If the effect of treatment is determined only by one of these types of switch (in all members of the population), and if the prevalence of that switch is stable between groups, then a characteristic effect measure associated with the switch will be stable. The particular effect measure depends on the type of switch.

We provide a thought experiment to illustrate how this works for the special case of a switch of type B. This leads to stability of the survival ratio. We clearly state that if the effect was determined by a different type of switch, then another effect measure might be stable instead. Then we proceed to show the biological reasons why switches of type B are more plausible than switches of type E for most settings where an exposure increases risk of the outcome.

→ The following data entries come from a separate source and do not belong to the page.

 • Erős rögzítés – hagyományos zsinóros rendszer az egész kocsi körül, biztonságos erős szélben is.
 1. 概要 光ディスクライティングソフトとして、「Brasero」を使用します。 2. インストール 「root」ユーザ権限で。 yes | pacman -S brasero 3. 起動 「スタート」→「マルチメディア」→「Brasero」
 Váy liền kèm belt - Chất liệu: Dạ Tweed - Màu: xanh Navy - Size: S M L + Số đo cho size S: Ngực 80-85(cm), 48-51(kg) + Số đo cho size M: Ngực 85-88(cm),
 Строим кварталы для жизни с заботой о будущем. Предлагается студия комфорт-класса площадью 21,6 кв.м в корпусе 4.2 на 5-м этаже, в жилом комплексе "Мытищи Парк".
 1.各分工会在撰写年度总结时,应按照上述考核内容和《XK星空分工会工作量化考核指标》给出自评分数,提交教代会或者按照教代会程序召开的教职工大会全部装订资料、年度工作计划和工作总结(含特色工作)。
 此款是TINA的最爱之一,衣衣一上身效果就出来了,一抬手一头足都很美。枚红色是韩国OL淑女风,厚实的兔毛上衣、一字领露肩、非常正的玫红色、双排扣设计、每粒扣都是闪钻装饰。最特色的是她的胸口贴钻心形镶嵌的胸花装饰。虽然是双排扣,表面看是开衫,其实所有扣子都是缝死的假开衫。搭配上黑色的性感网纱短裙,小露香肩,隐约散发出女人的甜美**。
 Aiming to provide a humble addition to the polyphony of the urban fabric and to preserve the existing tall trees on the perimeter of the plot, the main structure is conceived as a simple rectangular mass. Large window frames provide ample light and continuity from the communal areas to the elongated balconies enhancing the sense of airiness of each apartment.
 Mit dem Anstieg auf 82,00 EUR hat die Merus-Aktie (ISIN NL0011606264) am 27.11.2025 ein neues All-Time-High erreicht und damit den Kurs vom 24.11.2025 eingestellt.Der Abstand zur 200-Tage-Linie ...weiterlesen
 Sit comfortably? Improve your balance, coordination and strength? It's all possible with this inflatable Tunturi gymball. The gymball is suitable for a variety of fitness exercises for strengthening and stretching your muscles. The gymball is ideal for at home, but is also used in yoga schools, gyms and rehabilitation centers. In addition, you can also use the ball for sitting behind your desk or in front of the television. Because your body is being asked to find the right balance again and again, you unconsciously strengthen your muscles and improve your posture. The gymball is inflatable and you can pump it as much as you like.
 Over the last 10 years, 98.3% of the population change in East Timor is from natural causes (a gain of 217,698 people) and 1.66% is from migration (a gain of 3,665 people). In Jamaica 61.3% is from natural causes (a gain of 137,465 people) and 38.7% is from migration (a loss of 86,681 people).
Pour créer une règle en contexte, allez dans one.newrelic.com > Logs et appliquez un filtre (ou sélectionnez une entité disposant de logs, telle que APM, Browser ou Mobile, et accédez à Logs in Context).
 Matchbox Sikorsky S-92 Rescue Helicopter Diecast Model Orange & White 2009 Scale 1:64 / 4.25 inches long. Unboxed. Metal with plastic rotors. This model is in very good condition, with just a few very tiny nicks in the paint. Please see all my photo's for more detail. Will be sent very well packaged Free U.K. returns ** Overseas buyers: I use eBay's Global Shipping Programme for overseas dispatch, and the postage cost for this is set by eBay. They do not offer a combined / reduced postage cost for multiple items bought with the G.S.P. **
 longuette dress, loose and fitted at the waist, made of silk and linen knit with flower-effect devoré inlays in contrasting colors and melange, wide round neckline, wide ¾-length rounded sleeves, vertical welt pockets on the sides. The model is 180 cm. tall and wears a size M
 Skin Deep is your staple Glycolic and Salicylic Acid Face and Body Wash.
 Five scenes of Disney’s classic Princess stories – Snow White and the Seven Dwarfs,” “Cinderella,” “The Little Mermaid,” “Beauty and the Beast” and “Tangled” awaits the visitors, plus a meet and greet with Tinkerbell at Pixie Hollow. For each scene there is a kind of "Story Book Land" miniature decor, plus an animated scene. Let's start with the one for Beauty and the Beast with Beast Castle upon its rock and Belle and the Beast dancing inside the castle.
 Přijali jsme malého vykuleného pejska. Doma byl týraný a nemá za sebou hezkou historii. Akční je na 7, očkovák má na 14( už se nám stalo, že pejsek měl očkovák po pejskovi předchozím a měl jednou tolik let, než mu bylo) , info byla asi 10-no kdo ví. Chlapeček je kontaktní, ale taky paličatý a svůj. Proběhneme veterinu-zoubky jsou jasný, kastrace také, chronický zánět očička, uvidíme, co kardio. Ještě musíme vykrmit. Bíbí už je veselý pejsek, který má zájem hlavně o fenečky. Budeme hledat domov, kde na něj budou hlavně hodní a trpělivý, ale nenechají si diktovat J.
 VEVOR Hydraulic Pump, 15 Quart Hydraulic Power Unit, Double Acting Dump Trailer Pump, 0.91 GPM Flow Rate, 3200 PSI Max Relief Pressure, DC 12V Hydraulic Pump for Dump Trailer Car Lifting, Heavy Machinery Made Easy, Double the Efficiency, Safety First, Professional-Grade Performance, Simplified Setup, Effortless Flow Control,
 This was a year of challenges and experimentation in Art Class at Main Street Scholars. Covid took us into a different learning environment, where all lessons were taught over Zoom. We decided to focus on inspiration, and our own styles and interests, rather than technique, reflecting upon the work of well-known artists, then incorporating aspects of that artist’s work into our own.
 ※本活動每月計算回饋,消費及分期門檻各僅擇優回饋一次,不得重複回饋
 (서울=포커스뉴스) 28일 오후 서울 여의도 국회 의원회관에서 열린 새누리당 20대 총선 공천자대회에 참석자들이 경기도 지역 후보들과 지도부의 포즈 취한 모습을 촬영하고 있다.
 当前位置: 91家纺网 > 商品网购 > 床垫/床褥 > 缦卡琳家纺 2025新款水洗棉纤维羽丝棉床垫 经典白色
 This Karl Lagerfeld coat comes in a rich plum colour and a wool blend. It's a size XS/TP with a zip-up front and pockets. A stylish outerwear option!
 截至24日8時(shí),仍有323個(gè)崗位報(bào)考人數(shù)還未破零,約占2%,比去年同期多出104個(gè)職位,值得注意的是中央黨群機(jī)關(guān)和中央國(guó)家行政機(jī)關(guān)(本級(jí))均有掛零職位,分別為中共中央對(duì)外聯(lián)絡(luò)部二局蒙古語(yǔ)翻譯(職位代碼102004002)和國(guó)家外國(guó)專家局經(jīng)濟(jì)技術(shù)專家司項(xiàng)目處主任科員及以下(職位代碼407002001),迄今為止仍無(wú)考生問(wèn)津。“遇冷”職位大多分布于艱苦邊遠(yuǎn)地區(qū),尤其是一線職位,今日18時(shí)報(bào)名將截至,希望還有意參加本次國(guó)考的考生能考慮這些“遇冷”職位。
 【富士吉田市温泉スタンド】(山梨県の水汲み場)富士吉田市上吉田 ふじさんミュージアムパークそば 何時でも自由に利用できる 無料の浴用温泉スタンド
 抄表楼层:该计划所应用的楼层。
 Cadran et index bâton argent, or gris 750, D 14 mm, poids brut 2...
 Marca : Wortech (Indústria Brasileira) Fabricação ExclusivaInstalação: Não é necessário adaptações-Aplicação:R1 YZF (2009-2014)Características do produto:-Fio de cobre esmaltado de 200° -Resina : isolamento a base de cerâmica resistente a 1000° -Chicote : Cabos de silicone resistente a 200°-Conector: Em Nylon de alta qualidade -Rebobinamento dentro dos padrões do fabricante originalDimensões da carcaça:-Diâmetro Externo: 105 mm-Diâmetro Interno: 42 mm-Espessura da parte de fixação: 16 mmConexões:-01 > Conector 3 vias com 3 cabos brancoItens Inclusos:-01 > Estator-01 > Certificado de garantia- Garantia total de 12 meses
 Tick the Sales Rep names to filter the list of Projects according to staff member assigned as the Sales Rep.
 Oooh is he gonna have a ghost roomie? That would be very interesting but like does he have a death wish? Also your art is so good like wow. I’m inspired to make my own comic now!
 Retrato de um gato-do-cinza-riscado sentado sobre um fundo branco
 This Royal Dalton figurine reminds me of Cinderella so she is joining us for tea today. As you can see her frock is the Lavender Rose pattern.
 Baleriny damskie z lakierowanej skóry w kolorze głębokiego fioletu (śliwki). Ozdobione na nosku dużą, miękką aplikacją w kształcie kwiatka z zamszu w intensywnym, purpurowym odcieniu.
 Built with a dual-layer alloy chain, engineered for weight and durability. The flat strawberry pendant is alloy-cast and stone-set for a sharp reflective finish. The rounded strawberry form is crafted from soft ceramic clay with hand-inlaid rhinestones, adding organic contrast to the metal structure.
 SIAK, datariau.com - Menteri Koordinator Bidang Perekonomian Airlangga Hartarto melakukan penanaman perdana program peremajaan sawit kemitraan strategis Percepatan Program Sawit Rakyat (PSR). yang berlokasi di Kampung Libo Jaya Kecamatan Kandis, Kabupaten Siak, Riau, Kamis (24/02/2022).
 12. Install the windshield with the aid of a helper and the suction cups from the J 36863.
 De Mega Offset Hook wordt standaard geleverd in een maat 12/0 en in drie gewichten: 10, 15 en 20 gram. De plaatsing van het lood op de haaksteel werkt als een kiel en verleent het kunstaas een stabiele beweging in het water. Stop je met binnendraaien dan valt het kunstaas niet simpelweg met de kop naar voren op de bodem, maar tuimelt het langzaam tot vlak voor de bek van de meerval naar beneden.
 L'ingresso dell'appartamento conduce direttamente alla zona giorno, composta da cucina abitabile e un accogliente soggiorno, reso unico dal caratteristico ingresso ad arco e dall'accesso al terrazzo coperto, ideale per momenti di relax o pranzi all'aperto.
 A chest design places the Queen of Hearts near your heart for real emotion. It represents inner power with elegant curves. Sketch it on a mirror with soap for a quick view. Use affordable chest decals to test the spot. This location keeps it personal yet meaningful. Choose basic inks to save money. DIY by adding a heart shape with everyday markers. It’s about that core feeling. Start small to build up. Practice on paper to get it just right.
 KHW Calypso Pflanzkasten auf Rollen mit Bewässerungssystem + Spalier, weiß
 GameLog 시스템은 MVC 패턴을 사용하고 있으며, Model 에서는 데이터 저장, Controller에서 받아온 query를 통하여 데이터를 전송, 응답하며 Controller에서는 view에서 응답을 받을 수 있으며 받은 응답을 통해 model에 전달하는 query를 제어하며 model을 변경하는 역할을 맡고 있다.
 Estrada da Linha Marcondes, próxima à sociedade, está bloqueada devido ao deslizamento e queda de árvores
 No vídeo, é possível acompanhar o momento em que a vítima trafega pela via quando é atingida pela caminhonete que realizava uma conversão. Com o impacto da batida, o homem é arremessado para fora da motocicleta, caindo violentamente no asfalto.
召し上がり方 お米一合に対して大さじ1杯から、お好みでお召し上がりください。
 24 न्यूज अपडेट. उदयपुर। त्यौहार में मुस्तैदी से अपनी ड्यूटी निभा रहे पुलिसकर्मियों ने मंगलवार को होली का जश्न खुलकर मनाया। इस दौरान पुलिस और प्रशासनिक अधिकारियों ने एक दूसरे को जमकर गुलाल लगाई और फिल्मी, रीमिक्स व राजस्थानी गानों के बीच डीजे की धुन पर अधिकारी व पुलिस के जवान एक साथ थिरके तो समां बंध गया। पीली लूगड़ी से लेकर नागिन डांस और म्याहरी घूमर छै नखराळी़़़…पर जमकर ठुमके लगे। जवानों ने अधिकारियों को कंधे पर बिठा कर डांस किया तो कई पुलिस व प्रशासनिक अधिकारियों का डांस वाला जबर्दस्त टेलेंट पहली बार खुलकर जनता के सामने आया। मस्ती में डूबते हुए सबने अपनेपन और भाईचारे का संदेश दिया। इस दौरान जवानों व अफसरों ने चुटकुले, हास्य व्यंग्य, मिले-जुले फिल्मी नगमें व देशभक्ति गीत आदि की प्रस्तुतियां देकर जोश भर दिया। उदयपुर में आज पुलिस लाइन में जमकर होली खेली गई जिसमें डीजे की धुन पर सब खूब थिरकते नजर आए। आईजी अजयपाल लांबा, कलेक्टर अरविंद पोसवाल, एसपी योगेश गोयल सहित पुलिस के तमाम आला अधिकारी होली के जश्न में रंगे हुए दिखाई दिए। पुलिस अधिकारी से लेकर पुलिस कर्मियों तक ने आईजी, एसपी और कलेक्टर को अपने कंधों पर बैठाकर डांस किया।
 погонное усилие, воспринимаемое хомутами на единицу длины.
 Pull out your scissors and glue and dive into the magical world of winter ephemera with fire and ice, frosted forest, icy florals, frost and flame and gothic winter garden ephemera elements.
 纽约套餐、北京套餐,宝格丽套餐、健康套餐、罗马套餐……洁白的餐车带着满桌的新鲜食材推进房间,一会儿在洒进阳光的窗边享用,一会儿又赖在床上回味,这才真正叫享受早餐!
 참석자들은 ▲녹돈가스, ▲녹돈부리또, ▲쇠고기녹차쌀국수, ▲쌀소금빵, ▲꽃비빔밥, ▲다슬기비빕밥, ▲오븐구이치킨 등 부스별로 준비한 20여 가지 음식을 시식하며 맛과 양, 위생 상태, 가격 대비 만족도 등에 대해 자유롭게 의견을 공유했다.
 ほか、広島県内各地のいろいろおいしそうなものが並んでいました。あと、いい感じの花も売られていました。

Nowhere do we express “surprise” that the survival ratio is stable. The purpose of this section is to illustrate how our causal model works, to give the reader an opportunity to evaluate whether it captures their intuition about how the biological system works.

All of this is very clearly explained in the manuscript. Having to repeat it on this forum is a waste of my time, and even worse, a waste of the time of readers. Methodologists will give me a limited “budget” for how much of their attention they are willing to give, and I am not happy about having to spend this on refuting hostile bad-faith criticism on matters that are very clearly explained in the paper.

Its not good practice to personalize people or make threats on a blog - if you don’t like the idea call it nonsense but that also will not stack up without a valid reason. If you feel criticism of ideas = ridicule or violation of ethics or other social problems then why are you posting?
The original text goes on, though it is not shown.